How has failure ever protected you from a path that wasn’t yours? (Thank you for the prompt Rojie!)
Far be it from me to sing the praises of marriages ending or vows not being taken seriously but when I was thinking of an answer to this prompt, undoing my marriage was the obvious answer.
My marriage failed.
I got married at age twenty-four on July 1 (Canada Day) in 2000. We had known each other a whole eight months and on the day we got engaged, had never even cohabited together. In fact, up until then, we’d lived nearly a thousand kilometres away from each other.
Of course none of that mattered to either of us at the time. We were in love (maybe), and both in a rush to get married and start a family. And the facts were the facts, he had a good job, I was just finishing college and about to start a career as a nurse, he was easy-going and treated me well, we had fun together.
What else do you need?
Well the answer is, lots. You need so much more than that. It’s just not that simple. Not for me anyway. I could never settle. So I didn’t settle.
I quit. I left. I got tired of playing second fiddle to a case of beer. Early on in the marriage the fights over it made me cry, broke my heart and disappointed me to a point where I fell over the edge of the cliff.
I quit caring about him or the marriage. I quit trying. I quit crying. Eventually realized I’d made a huge mistake.

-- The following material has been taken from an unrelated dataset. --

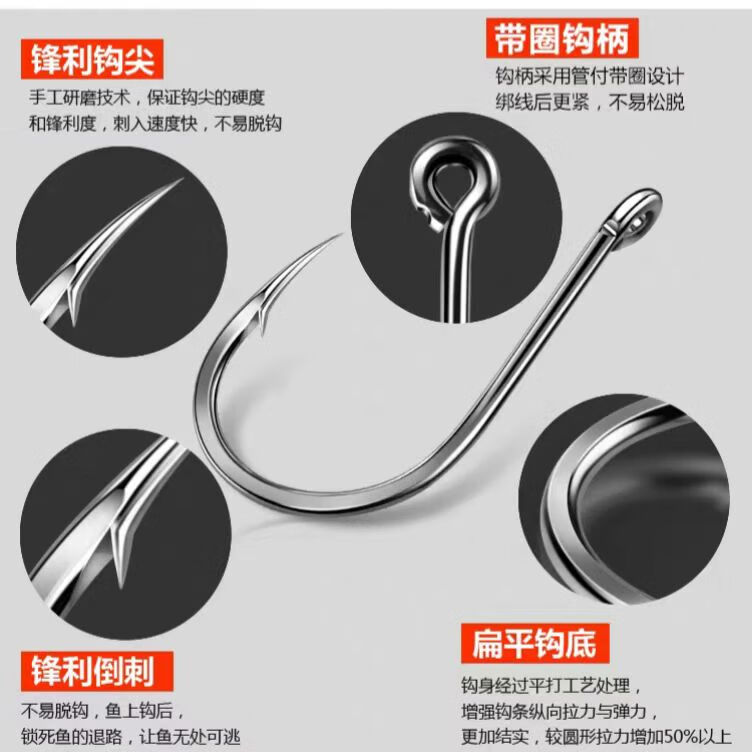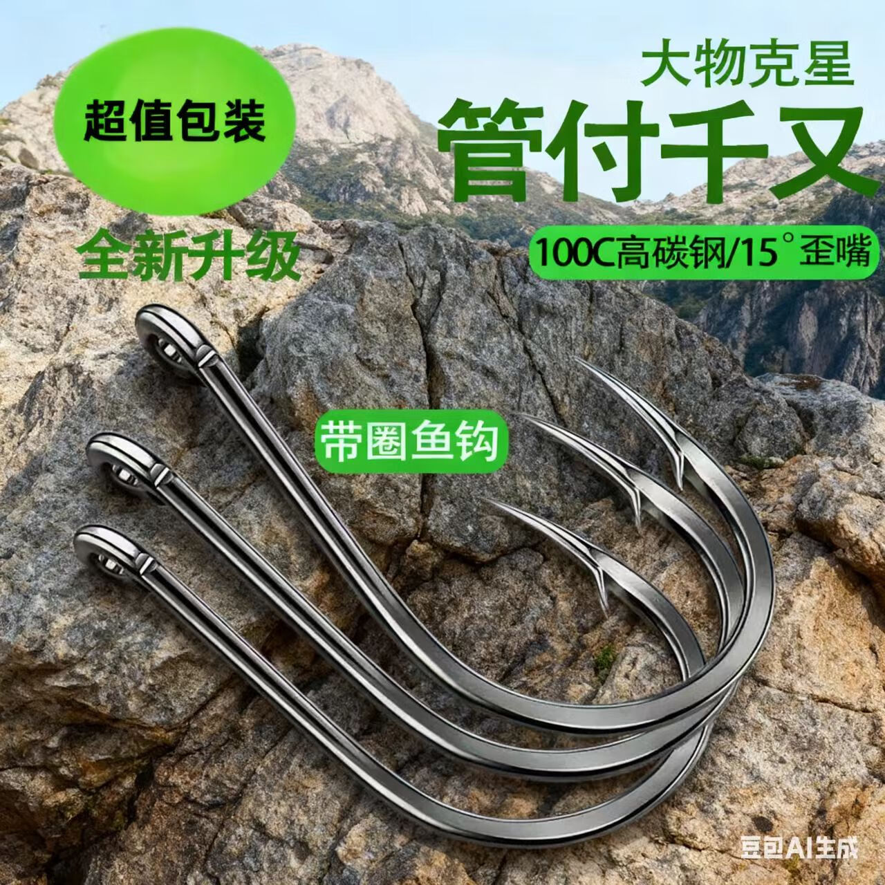 Authentic Guanfu Qianyou crooked mouth fish hook in bulk with ring large size barbed raft fishing Luyaji fishing sea bass fishing hook 4# 50 pieces

That was fourteen years ago.
I no longer feel guilty about my failed marriage. It should have never happened, I made a mistake, he made millions of mistakes and so what.
I was never truly myself in so many ways when I was married. I was young and foolish and always trying to impress someone, or live my life in ways that aligned with others’ likes or dislikes, instead of my own.

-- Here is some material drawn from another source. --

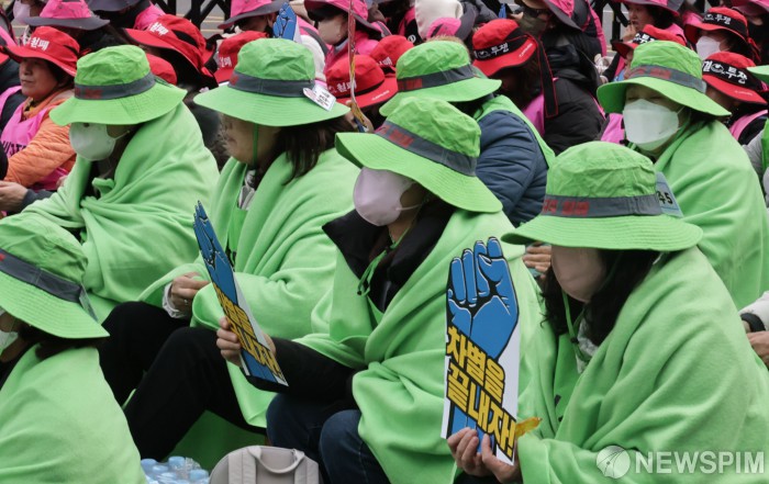 차별을 위해 추위속 집회하는 학교 비정규직 노동자들

And furthermore, I feel like I wouldn’t have many of the things in my life that I have now, if I had stayed.
Not sure that I would have ever picked up writing again. Probably wouldn’t have Sid as I could never convince my ex-husband to sign up to be a foster parent. Definitely wouldn’t have Baby RR. And my home would never be adorned with the maximalist style it has today.
Oh and of course, there’s Clint. He’s absolutely no fun, I call him Mr. Safety in fact. He’s annoyingly by the book and predictable. He’ll never travel with me, refuses to fly. But he’s also never ever drunk or high and I know I can count on him. He’s an amazing partner to parent alongside, a great Daddy to Sid and Papa to Baby RR.